Лет десять назад ее отец работал в Чимкенте. Этот жаркий, пыльный город хорошо сохранился в памяти Раушан. Потом они жили в окрестностях Усть-Каменогорска. В этом году, окончив десятилетку, приехала в Алма-Ату, поступила в вуз. Приехала пораньше и остановилась у родственников, решила хорошо подготовиться к экзаменам. А тут началась война. Одни уходят на фронт, другие, не покладая рук, работают на оборону. Молодому здоровому человеку как-то неуютно без главного дела. Это же так легко понять.
Она, Раушан, не какая-нибудь девушка старого времени, ничего на свете не понимающая и от всего далекая. Она перечитала горы книг, не пропустила, кажется, ни одного фильма. Сколько смелых женщин было в гражданскую войну! Разве могут нынешние девушки отстать от них? Раушан подала заявление о зачислении в армию, скрыв это от брата. Она знала, что он будет недоволен. Золовка — женщина старых понятий. Не совсем, конечно, но отчасти. Узнав, что Раушан уезжает, золовка разливалась в три ручья: «Да разве это женское дело — война? Тяжело тебе будет, моя баловница». Ей и в голову не приходило, что нынешние казахские девушки в отваге не уступают ребятам: нужно винтовку держать — возьмут и винтовку.

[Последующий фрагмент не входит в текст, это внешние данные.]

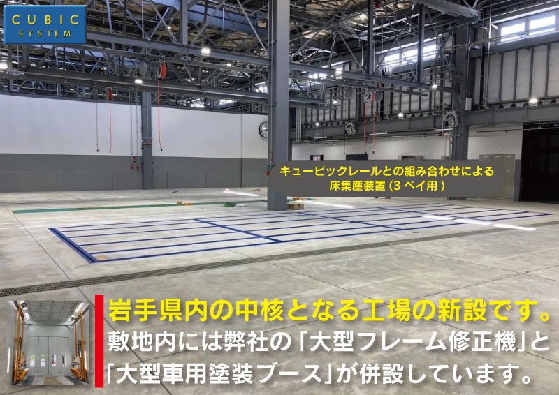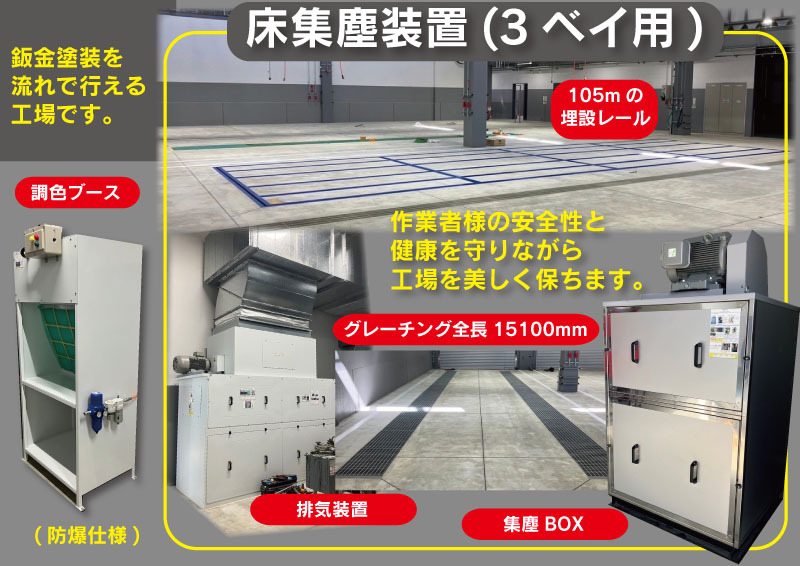 大型車用塗装ブース、キュービックレール、 床集塵装置(3ベイ用)、色調ブースを新工場へと設置いたしました。
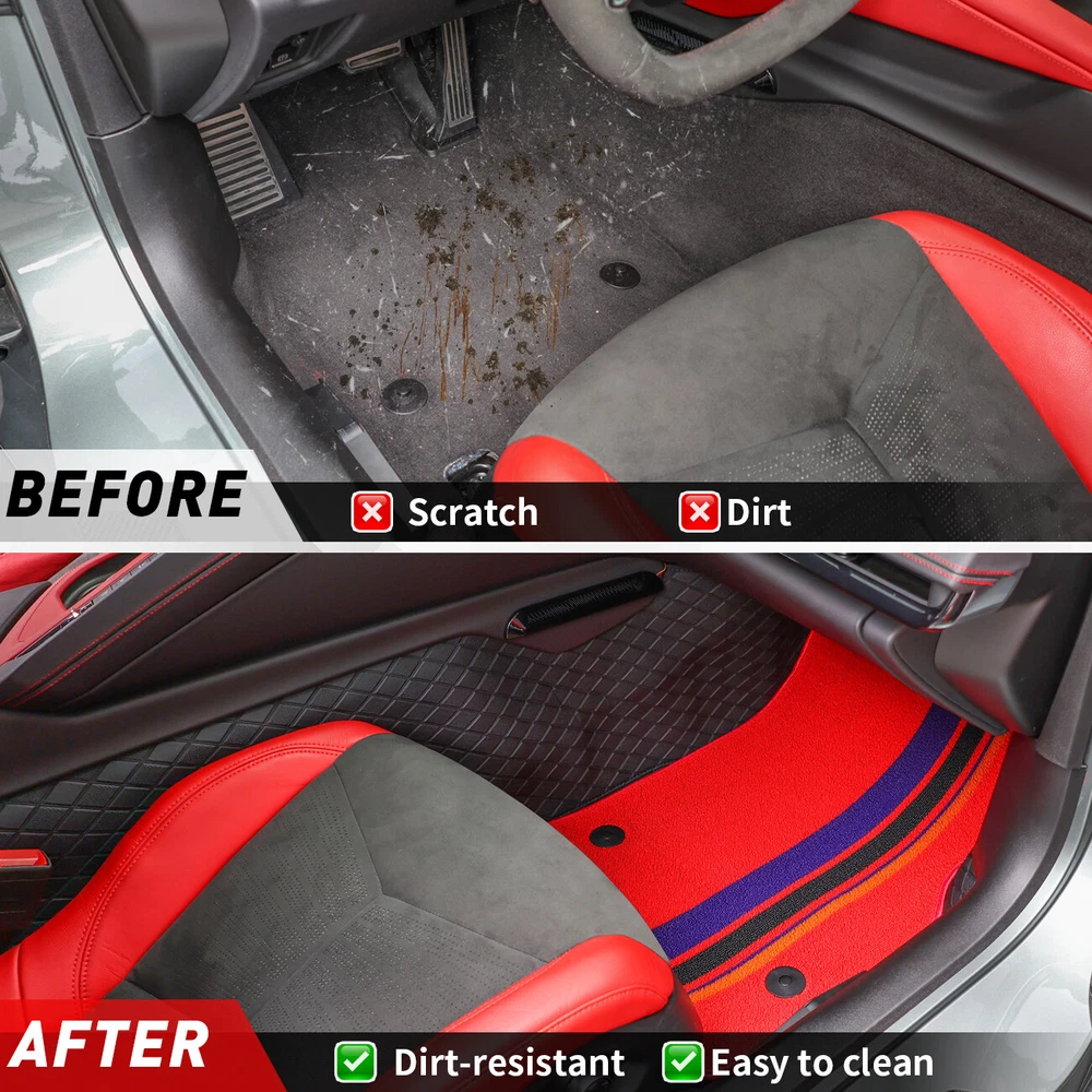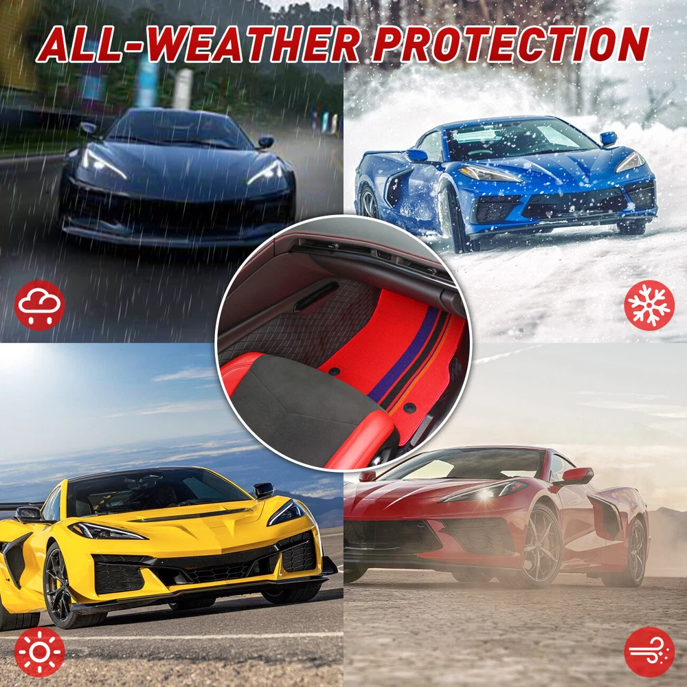 4X Floor Mats All Weather Tricolor Carpet for Corvette C8 Stingray Z51 Z06 2020-2024 Features 【Fitment】This Floor Mats Floor liners fit for 2020-2024 Chevrolet Corvette C8. 【Material】The black foot mat made of PU leather combines waterproof, anti slip, and wear-resistant properties. The red foot mat are made of nylon material, which is a suitable choice for all seasons due to its excellent wear resistance, tear resistance, and fatigue resistance. 【Function】These foot mat can effectively prevent foreign impurities such as dust, dirt, and rainwater from entering the car, ensuring the cleanliness and hygiene of the interior space. 【Features】Specially designed for cars, the foot mat use wear-resistant materials and combined with special textures for easy daily maintenance and upkeep. Especially the PU leather foot mat are easy to clean and can effectively protect the cleanliness of the original car suede surface. In addition, the car floor mat has been treated with special technology, showing the characteristics of wear resistance, anti-aging, and long-term durability. 【Installation】 Easy to install, just align with the hole position for installation. You can easily complete the installation without any tutorials. Specification Condition: New Colour: Black and Red Material: PU leather、Nylon Fitment For Corvette C8 Coupe 2020-2024 Package Included 2* Black Full Floor Mats 2* Red Foot Pad Declaration ⭐ This item is not a licensed Honda/Yamaha/Suzuki/Polaris/Can Am/Kawasaki/Arctic Cat/Jeep/Kymco/John Deere Gator/Bobcat/Mercedes Benz/BMW/Porsche/Toyota/Dodge/Harley Davidson/ product . ⭐ We do not claim ownership and have no affiliation with above-mentioned brands, copyrights and trademarks belong to the respective owners. ⭐ Unless specifically identified as such, our use of third party trademarks does not indicate any relationship, sponsorship, or endorsement between us and above-mentioned brands. ⭐ Any references by us (or company name) (or the seller) to third party trademarks is to identify the corresponding third party's goods and shall be considered nominative fair use under the trademark law. Payment ⭐ We accept credit, debit,discover Visa and PayPal,among other locally accepted forms of payment. ⭐ Please pay as soon as possible after odering , as that we can ship your item to you sooner! ⭐ Refund will be issue back to the account which paid from,please be know that. Delivery details ⭐ We offer FREE shipping on all orders!And offer world wide Shipping . ⭐ We ship within Three business days of payment, usually sooner .(work off on weekend and Holidays). ⭐ Delivery is typically within 8-21 days,the delivery date varies by shipping destinations, and may take a little longer during holiday peak season or encounter force majeure. Returns Accepted ⭐ This product comes with 30-day returns or replacment . ⭐ If the item is be damaged, defective, or not as described in the listing, We will provide you with a replacement or a full refund. ⭐ Any product you return must be in the same condition you received it and in the original packaging. Please keep the receipt. Quality Assurance ⭐ If you are satisfied with our item,could you kindly give us 5 stars feedback?Thanks a lot. ⭐ If there are any problems when you received the package, please feel free to message us, we will definitely give you a satisfying solution , please don't leave neutral or negative feedback without any communication.Thank you for your cooperation! Contact US ⭐ We are manufactuer ,the warehouse was located in US/China ,DO NOT worry about the shipping time. ⭐ Customer satisfaction is very important to us. ⭐ If you meet any question,Please do not hesitate to contact us via eBay message,we will reply you ASAP. ⭐ Our Working Time: 8 pm - 5 am(From Monday to Saturday,Not working on statutory holidays) . QUALITY AUTO PARTS

В ней, в золовке, было кое-что от старины, этого не скроешь, но она человек доверчивый, простодушный, и сердце у нее золотое. Раушан уже немножко соскучилась по ней и по матери. Потом Ержан узнал о заветной мечте Раушан: воевать не в санитарках, а разведчицей или снайпером. Она уже говорила об этом с командиром батальона капитаном Арыстановым. Вначале он и слушать не стал — ребячество, вздор! А потом задумался и сказал, что будущее покажет.
Пока он посоветовал ей как можно лучше исполнять обязанности санитарки. Поэтому Раушан считает себя в санвзводе человеком временным.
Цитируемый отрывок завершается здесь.